GEORGE Z. SINGAL, District Judge.

Before the Court is the Government’s Motion for Summary Judgment (Docket # 20). On February 22, 2010, the United States Magistrate Judge filed his Recommended Decision (Docket # 33). The Government filed its Objection to the Recommended Decision (Docket # 34) on March 8, 2010. For reasons set forth below and based on the Court’s own de novo review, the Court ADOPTS IN PART and RE *7 JECTS IN PART the Recommended Decision and GRANTS the Government’s Motion for Summary Judgment (Docket # 15) in a judgment amount equal to the full amount sought by the Government.

I. LEGAL STANDARD

Generally, a party is entitled to summary judgment if, on the record before the Court, it appears “that there is no genuine issue as to any material fact and that the moving party is entitled to judgment as a matter of law.” Fed.R.Civ.P. 56(c). An issue is “genuine” if “the evidence is such that a reasonable jury could return a verdict for the nonmoving party.” Anderson v. Liberty Lobby, Inc., 477 U.S. 242, 248, 106 S.Ct. 2505, 91 L.Ed.2d 202 (1986). A “material fact” is one that has “the potential to affect the outcome of the suit under the applicable law.” Nereida-Gonzalez v. Tirado-Delgado, 990 F.2d 701, 703 (1st Cir.1993).

The party moving for summary judgment must demonstrate an absence of evidence to support the nonmoving party’s case or defense. Celotex Corp. v. Catrett, 477 U.S. 317, 325, 106 S.Ct. 2548, 91 L.Ed.2d 265 (1986). In determining whether this burden is met, the Court must view the record in the light most favorable to the nonmoving party and give that party the benefit of all reasonable inferences in its favor. Santoni v. Potter, 369 F.3d 594, 598 (1st Cir.2004). Once the moving party has made a preliminary showing that no genuine issue of material fact exists, the nonmoving party must “produce specific facts, in suitable evidentiary form, to establish the presence of a trial-worthy issue.” Triangle Trading Co. v.

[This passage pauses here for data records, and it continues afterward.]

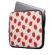 This playful and vibrant pattern features bright red strawberries scattered diagonally across a soft pink and white striped background. The combination of fruit and pastel tones gives it a fresh.
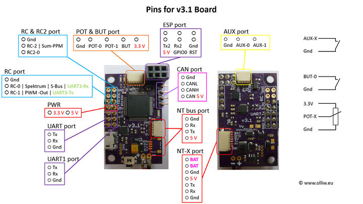 The STorM32 connections are grouped into ports. A port consists typically of one or more pins, a Gnd pin and possibly a 3.3 V or 5 V pin. The pins of a port are labeled by the port name plus a number (e.g. AUX-0 refers to the pin 0 on the AUX port) or by its commonly known function (such as Gnd, 3.3 V, Tx, Rx, SCL, SDA etc.). Some pins can serve multiple purposes, e.g., pin RC-0 serves also as Futaba S-BUS input or, on the v1.x boards, UART1-Rx.
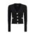 Cardigan by Balmain, cropped design, v-neck on front, closure by embossed buttons, close fit, monochrome pattern.
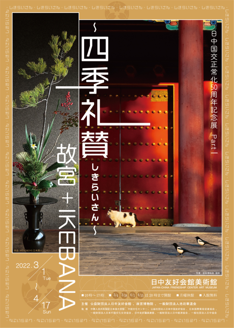 2022年3月1日,由故宫博物院、日中友好会馆和日本池坊花道会共同举办的“四季礼赞——中国故宫摄影和日本插花艺术展”在位于日本东京的日中友好会馆美术馆内开幕。

Robroy Indus., Inc., 200 F.3d 1, 2 (1st Cir.1999) (citation and internal punctuation omitted); Fed.R.Civ.P. 56(e). “As to any essential factual element of its claim on which the nonmovant would bear the burden of proof at trial, its failure to come forward -with sufficient evidence to generate a trial-worthy issue warrants summary judgment to the moving party.” In re Spigel, 260 F.3d 27, 31 (1st Cir.2001) (citation and internal punctuation omitted).

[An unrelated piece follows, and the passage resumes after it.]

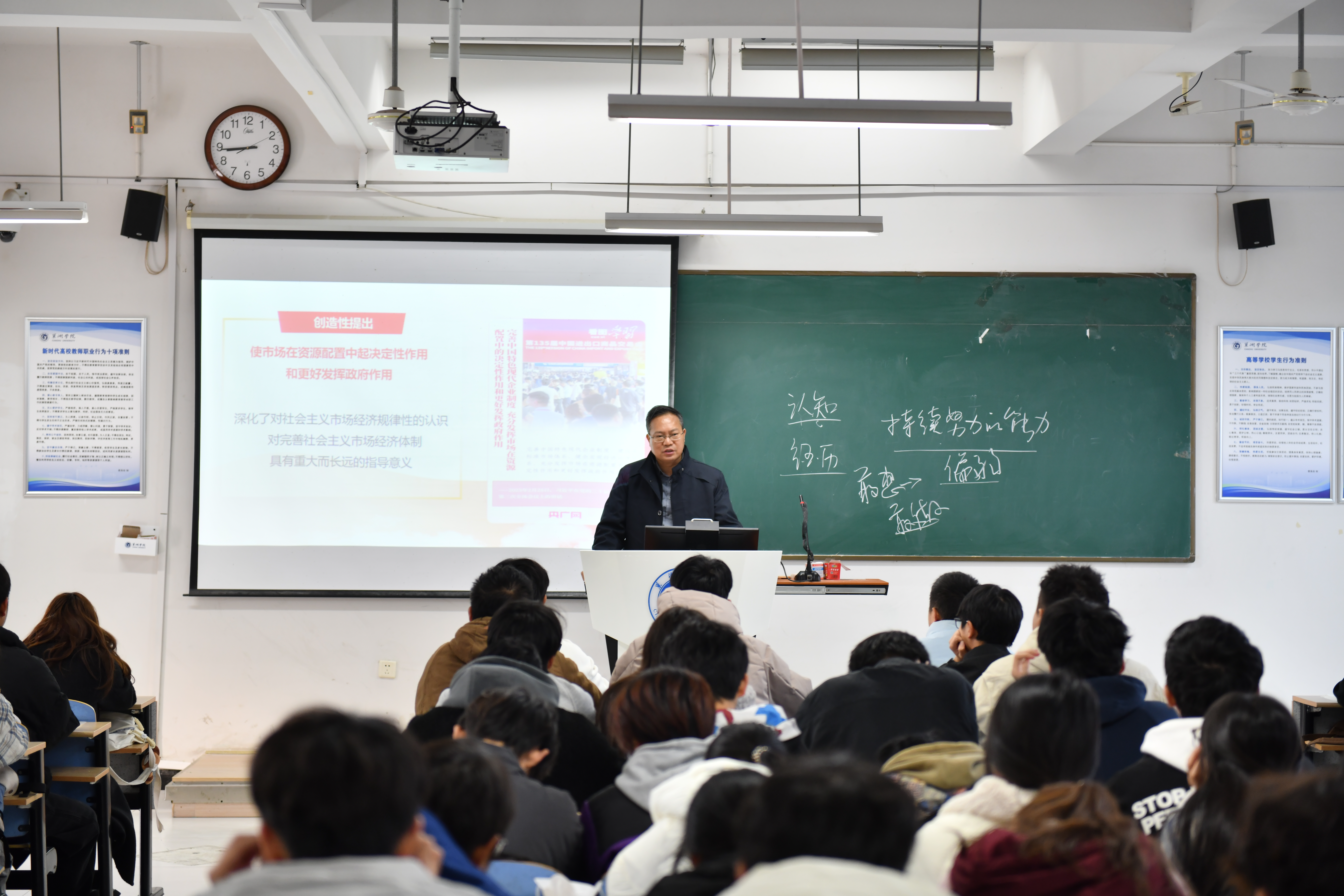 2024年12月13日,校党委委员、副校长周祥为旅游管理学院2024级酒店管理(中爱合作)班和电子工程学院2024级应用心理学班学生讲授形势与政策课。周祥首先以“党的二十届三中全会为什么会备受瞩目”问题导入,对1978年以来历次三中全会的主题及其重要性进行了梳理,接着在分析党的二十届三中全会总体框架基础上强调此次会议通过的决议是中国共产党历史上又一重要纲领性文件,最后从“怎么看”“怎么干”“怎么抓”出发,着重阐释了进一步全面深化改革的重大意义、总体要求、整体思路和根本保证。周祥的授课以学生熟悉的案例展开,紧扣专业成长和职业生涯规划,通过启发性教学与他们互动交流,晓之以理,动之以情,对学生未来就业及其认知提升起到了积极的帮扶作用。他指出,为深入贯彻落实党的二十届三中全会精神,新时代大学生应该努力加强理论学习,提高政治素养;理论联系实际,积极投身实践;培养创新精神,提升综合素质;强化自我革命,不断提升本领。

In the District of Maine, Local Rule 56 details the process by which the parties present the facts to be considered in deciding a motion for summary judgment. Pursuant to this local rule, the moving party must first file a statement of material facts that it claims are not in dispute. See Loc. R. 56(b). Each fact must be set forth in a numbered paragraph and supported by a specific record citation. The nonmoving party must then submit a responsive “separate, short, and concise” statement of material facts in which it must “admit, deny or qualify the facts by reference to each numbered paragraph of the moving party’s statement of material facts[J” Loe. R. 56(c). The nonmovant likewise must support each denial or qualification with an appropriate record citation. The nonmoving party may also submit its own additional statement of material facts that it contends are not in dispute, each supported by a specific record citation. The movant then must respond to the nonmoving party’s statement of additional facts, if any, by way of a reply statement of material facts in which it must “admit, deny or qualify such additional facts by reference to the numbered paragraphs” of the nonmovant’s statement. Loe. R. 56(d). Again, each denial or qualification must be supported by an appropriate record citation. Ultimately, the Court has “no independent duty to search or consider any part of the record not specifically referenced in the parties’ separate statement of facts” and “may disregard any statement of fact not supported by a specific citation.” Loe. R. 56(f).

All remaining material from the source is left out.